非常にシリアスな抗議で、前に来た時(前メートル・ドテルの頃)は非常に素晴らしい時を持てたのに、もう2度と行く気がしなくなってしまったのが残念であると結んであった。しかもこのお客様はカナダの国会議員である。否VIPだからどうだと言う事ではなく、御本人も書いているように職業柄毎晩のように一流レストランで食べ歩いていて、決して普段クレームのメールをわざわざ出すような事は無い立場の人であるという点が問題なのだ。確かにこの状況なら怒らないほうがどうかしている。残念ながら現在のメートル・ドテルについて、「彼女に限ってそんなサーヴィスをする事は有り得ない」と自信を持って言う事が出来ない。本音エッセイだからあえて書くが、寧ろ「またか・・・」と言う感想だ。それ程過去に何度もお客さんを怒らせているからだ。ジョルジュがいた頃は一ウエイトレスで、一ウエイトレスとしても相当問題あるサーヴィスぶりだったのだが、ジョルジュが呼んだメートルであったエリックがしばらくジョルジュのポジションであった飲食部統括責任者(現在このポジションは空席)を引き継ぎ、春にはジョルジュの後を追いかけるようにして辞めてしまったので、急遽メートルに昇格した。30年この仕事をやっていると言う事だが、正直、どこでどういう仕事をして来たのか疑問だ。これ以上書くと悪口のようになるし、身内の恥なので書かない。ウエイター、ウエイトレスの中には優秀な人材も何人かいるのだが、何はともあれ今回のクレームは重い。

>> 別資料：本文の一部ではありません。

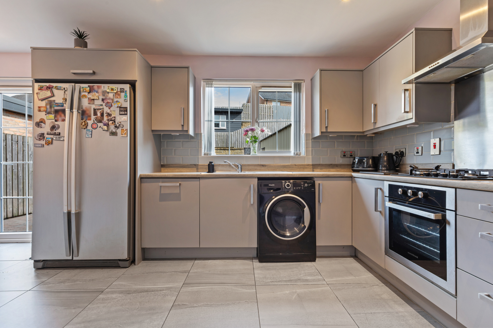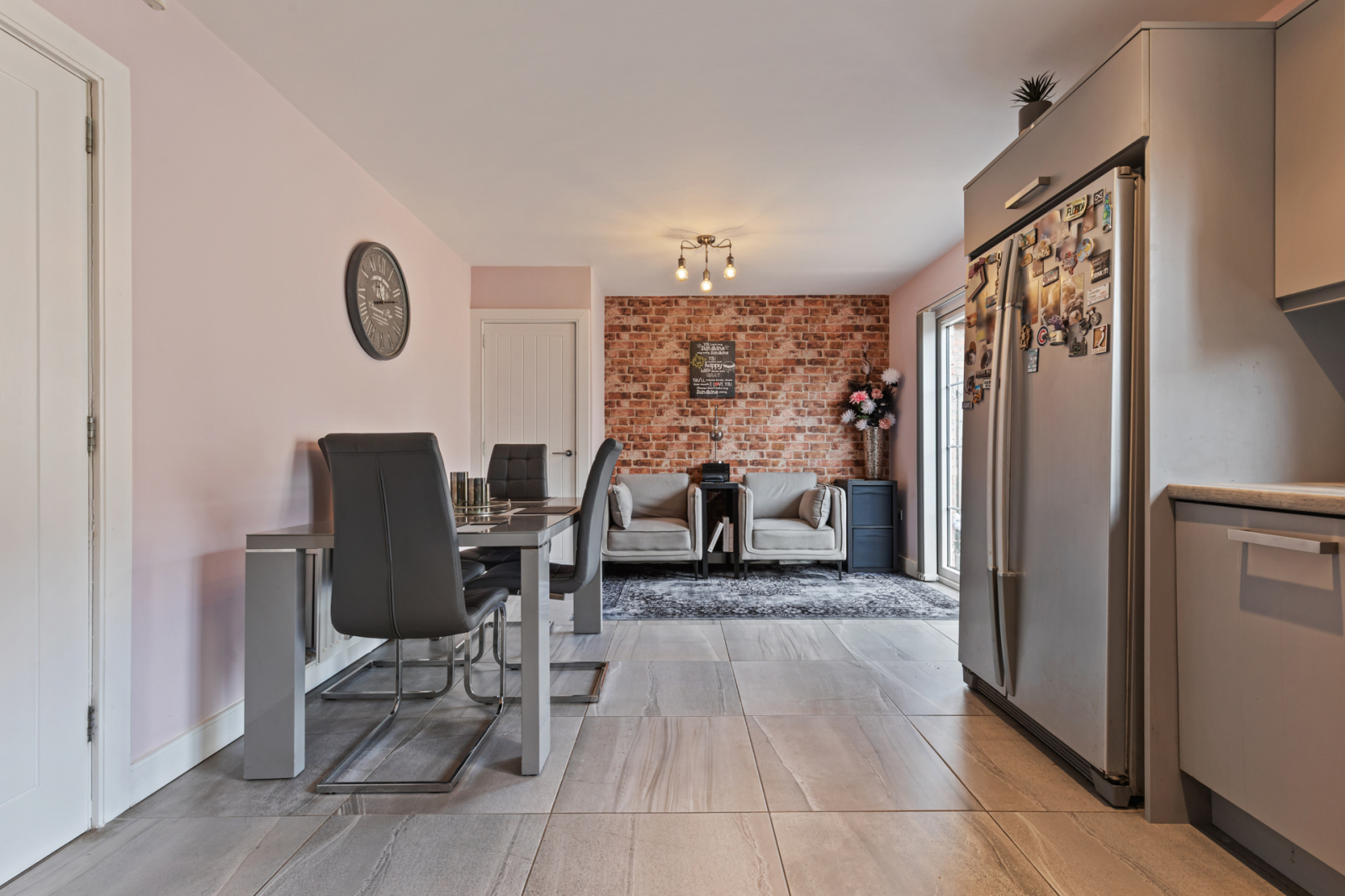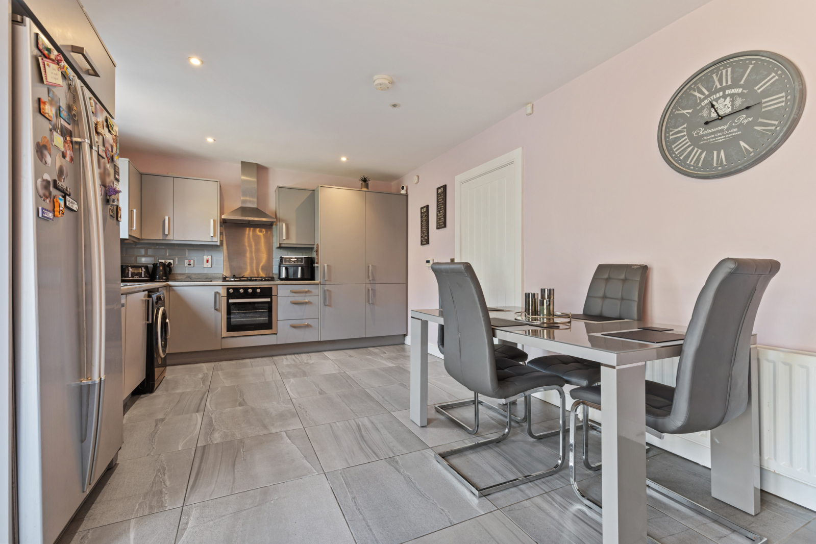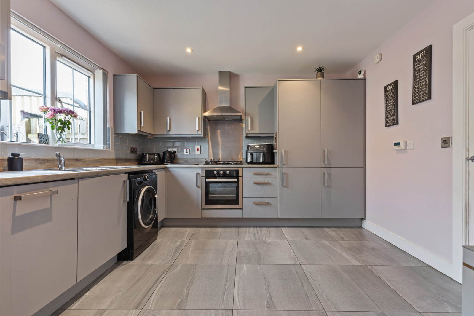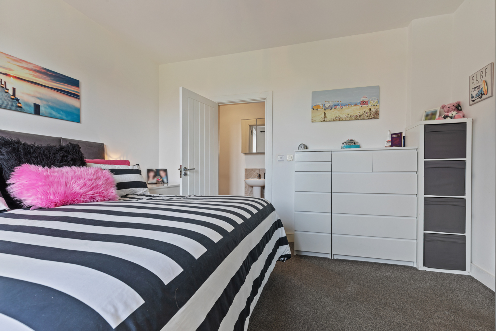 Internally, the home is immaculately presented throughout. A bright and welcoming hallway leads into a generously proportioned living room. There is a kitchen / dining area to the first floor, ideal for modern family living, with an abundance of natural light and access to the rear gardens. The accommodation continues to impress, offering three well-proportioned bedrooms. The principal bedroom benefits from a stylish ensuite shower room and a modern family bathroom complete with a white suite.

やはりサーヴィス部門で何度も賞を受賞しているル・フジェールのサーヴィス チームはその点凄いと言わざるを得ない。勿論我々調理場サイドも色々改善策を練る必要がある。
ル・フジェールのサーヴィスと言えば、今回の冬の新メニューではメニューに合わせたワインを例の女性ソムリエ世界一にして全カナダ ナンバー1ソムリエのヴェロニクがアドバイザーとなって選んでくれることになった。夜の新メニューは既に先週からスタートしたが、昼のメニューはクリスマス後まで大延期と言う事になりそうだ。それと言うのも、これと平行して、予約が30人以下の時はブッフェを廃止し、昼のコースメニュー(メインは魚料理か、肉料理のうち一品)を作ろうということになったからだ。私のほうとしては全てのメニューは出来ているのだが、それこそサーヴィスの方に浸透させるのにも時間がかかるし、何よりコンピューターにも全て入力しなければならないからだ。今や首都圏の一定程度の規模のレストランは全てそうだと思うが、オーダーは全てコンピューターに入力し、調理場のプリンターからプリントアウトする。税務署への申告等もこれが根拠になるから、いい加減な入力は出来ない。全くテクノロジーは何処まで我々の様な本来無縁な世界に入り込んでくるのだろう。私自身は固定給だから一度も使った事はないが、今年の頭から時給で働く従業員(全従業員の9割)は指紋認証装置付きのタイムカードを使っている。やり過ぎではないのか?しかも未だ完成度が低いのかしばしば誤動作を起こし、修正できるパスワードを持つのはマネージャー クラスのみである所から、全然関係ないハウスキーパーとかの人達から、「Naki、何回やっても退社出来ないのよ、何とかして」とかいう笑い話のような事を言われたりする。逆に言うと、パスワードを持っていれば、指紋など何の関係も無く、出勤、退社を勝手に入力可能だという事。馬鹿馬鹿しいと思うのは私だけだろうか。カフェ・アンリー・ブルジェもオーダーこそコンピューターだったが、タイムカードは昔ながらの時計つき機械にバチーンと入れるクラッシックタイプだった。もうあんなのは姿を消していくのかもしれないが、あちらの方が余程便利だった気がする。
57.吹雪と、業者と、水の話。
(12月16日更新)

朝から凄い吹雪だった。所謂ブリザードであるが、時として雷鳴が轟く、雪と雷と言う稀有な組み合わせだった。オンタリオ東部、ケベック西部は全てこんな状態だったらしい。つまりトロントもモントリオールもだ。ニュースで北極出身者が、故郷に帰った様な錯覚に陥ったとかコメントしていた位だ。通算12〜13年カナダに住んでいるが、これほど1日に雪が降ったのは記憶に無い。車を停めて2時間ほどして窓から覗くと白い塊になっていて、タイヤは完全に埋まっているようだった。私の車は車高の高い4WDだから、普通のセダンなら半分以上は埋まっている所だ。くどいようだが、ほんの2時間ばかり経っての事である。今年の冬は15年ぶりの厳しさだそうで、気温も低い。普通雪の日はかえってあったかい事が多いがブリザードともなれば話は別だ。この分なら早晩マイナス40度の世界に突入しそうである。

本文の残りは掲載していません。